Properly storing study data is essential for protecting confidentiality. The Board will need to know how you plan to house the data and how it will be organized. As the sensitivity of the data increases, so does the researcher’s responsibility for developing an adequate storage plan.
The benefits of using digital resources to collect, process, and store data are enormous. However, it is important that you are aware of the tools required to adequately protect data stored on a hard drive, the internet, or any other digital storage device. If you are collecting social security numbers and names, for example, and your computer is lost, stolen, or hacked, the results could be devastating for your participants. UVa’s IT Services Office requires that all University employees and students follow their Institutional Data Protection Standards; in addition, you may be required to follow their Policy on Electronic Storage of Highly Sensitive Data. The IRB-SBS expects your data storage policies to be in compliance with UVa’s information technology policies and with any other IT protocol that is considered best practice. For an additional resource, please see UVA Library's Data Management website.
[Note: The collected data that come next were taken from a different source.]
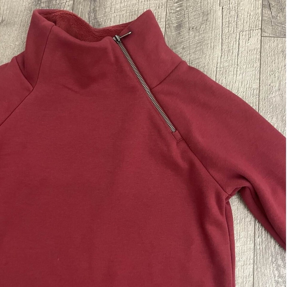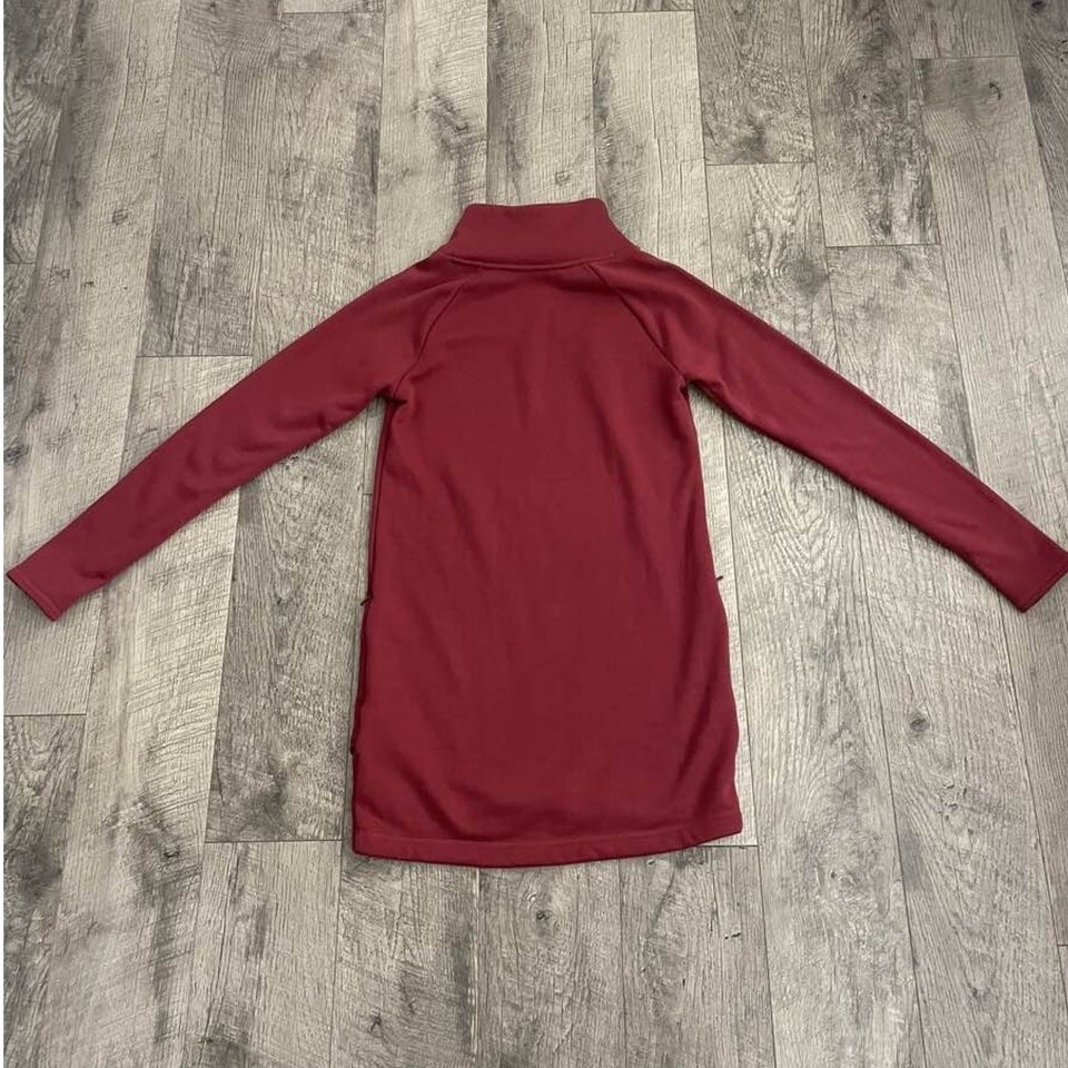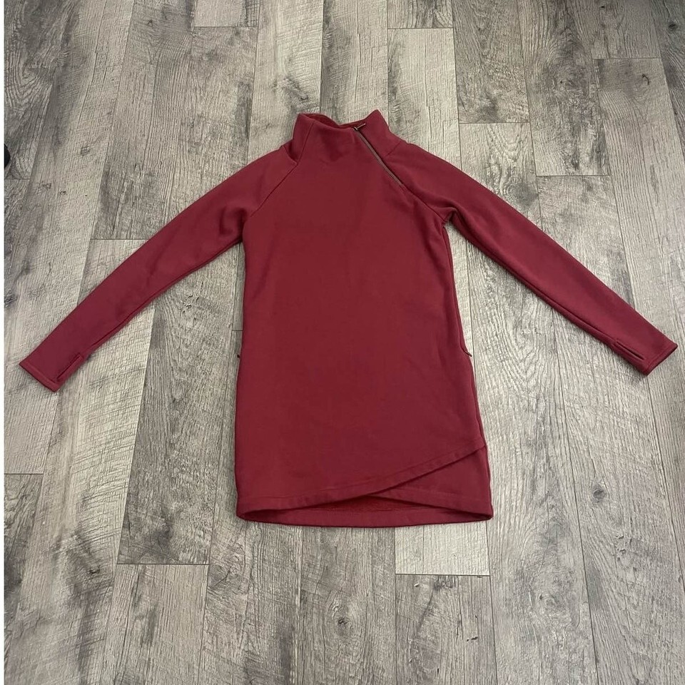 Athleta Cozy Karma Asym Pullover Dress Red Funnel Neck Side Zip Sweatshirt
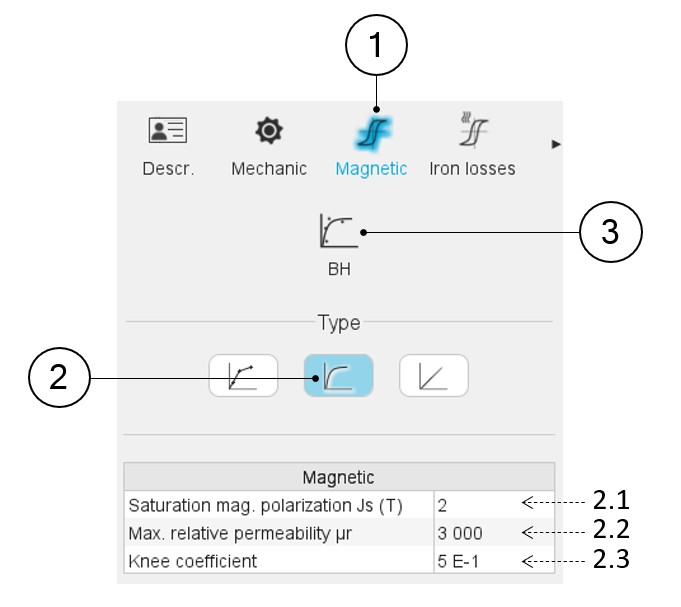 | 2 | Nonlinear B(H) curve: by providing the three coefficients of the nonlinear analytical model |
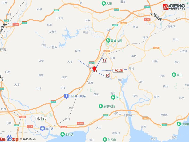 周边县城:震中距恩平市13公里、距阳东区34公里、距江城区39公里、距阳春市48公里、距开平市57公里,距阳江市37公里。
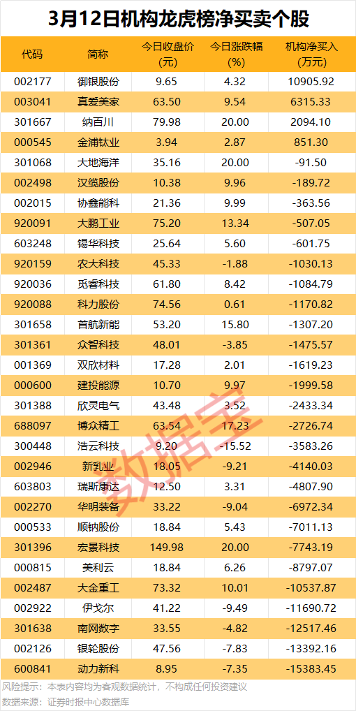 機(jī)構(gòu)凈賣出個(gè)股中,動(dòng)力新科(600841)遭機(jī)構(gòu)凈賣出1.54億元,居首;緊隨其后是銀輪股份(002126)、南網(wǎng)數(shù)字(301638)、伊戈?duì)枺?02922)和大金重工(002487),凈賣出金額均超1億元。

If the materials you are collecting are not stored on digital devices, you are still required to handle these materials in a secure manner. Items such as research journals, paper surveys, writing samples, and other materials collected for research purposed need to be stored so that access is restricted to only those who have permission to access the materials.
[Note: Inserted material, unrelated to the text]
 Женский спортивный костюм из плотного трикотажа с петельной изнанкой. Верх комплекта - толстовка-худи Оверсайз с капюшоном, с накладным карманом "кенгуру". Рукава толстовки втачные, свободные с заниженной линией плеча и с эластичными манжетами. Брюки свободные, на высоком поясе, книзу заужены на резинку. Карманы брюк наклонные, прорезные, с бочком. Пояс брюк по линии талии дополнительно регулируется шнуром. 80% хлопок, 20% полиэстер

In addition, the Board needs to understand who will have access to the data, regardless of how it is stored. Generally the Board requires that only the individuals listed on the protocol as part of the research team have access to the data.
It is essential that you keep your research records and data organized, not only for the purpose of making the research process more efficient, but also for documenting that you followed your protocol. When you store your data, make sure that you store consent forms so that you can document that all of your participants were properly consented. For more information, see Record Keeping.
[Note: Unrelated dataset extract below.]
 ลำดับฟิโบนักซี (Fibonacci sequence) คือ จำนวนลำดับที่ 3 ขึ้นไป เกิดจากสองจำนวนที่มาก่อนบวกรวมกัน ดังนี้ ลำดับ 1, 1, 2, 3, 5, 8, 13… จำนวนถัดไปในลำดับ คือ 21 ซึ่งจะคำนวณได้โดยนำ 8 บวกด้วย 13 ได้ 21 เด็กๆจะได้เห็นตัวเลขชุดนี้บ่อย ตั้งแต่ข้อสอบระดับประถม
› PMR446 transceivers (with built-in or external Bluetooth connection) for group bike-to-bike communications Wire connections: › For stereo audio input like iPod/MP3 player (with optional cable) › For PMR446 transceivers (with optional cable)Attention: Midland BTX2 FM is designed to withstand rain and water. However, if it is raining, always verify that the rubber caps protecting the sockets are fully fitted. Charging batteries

How you store a participant’s identifying information in relation to their data is also an important consideration. If the data are anonymous (either collected anonymously or if you received data stripped of identifiers), you shouldn’t have identifying information to store, nor should you have the ability to reconnect data with identifiers. If it is necessary to keep identifiers connected to the data, it may be advisable to code the data and store the identifiers in a different location. In general, you will need to demonstrate that you have a data storage plan that meets the needs of the type of data you will collect.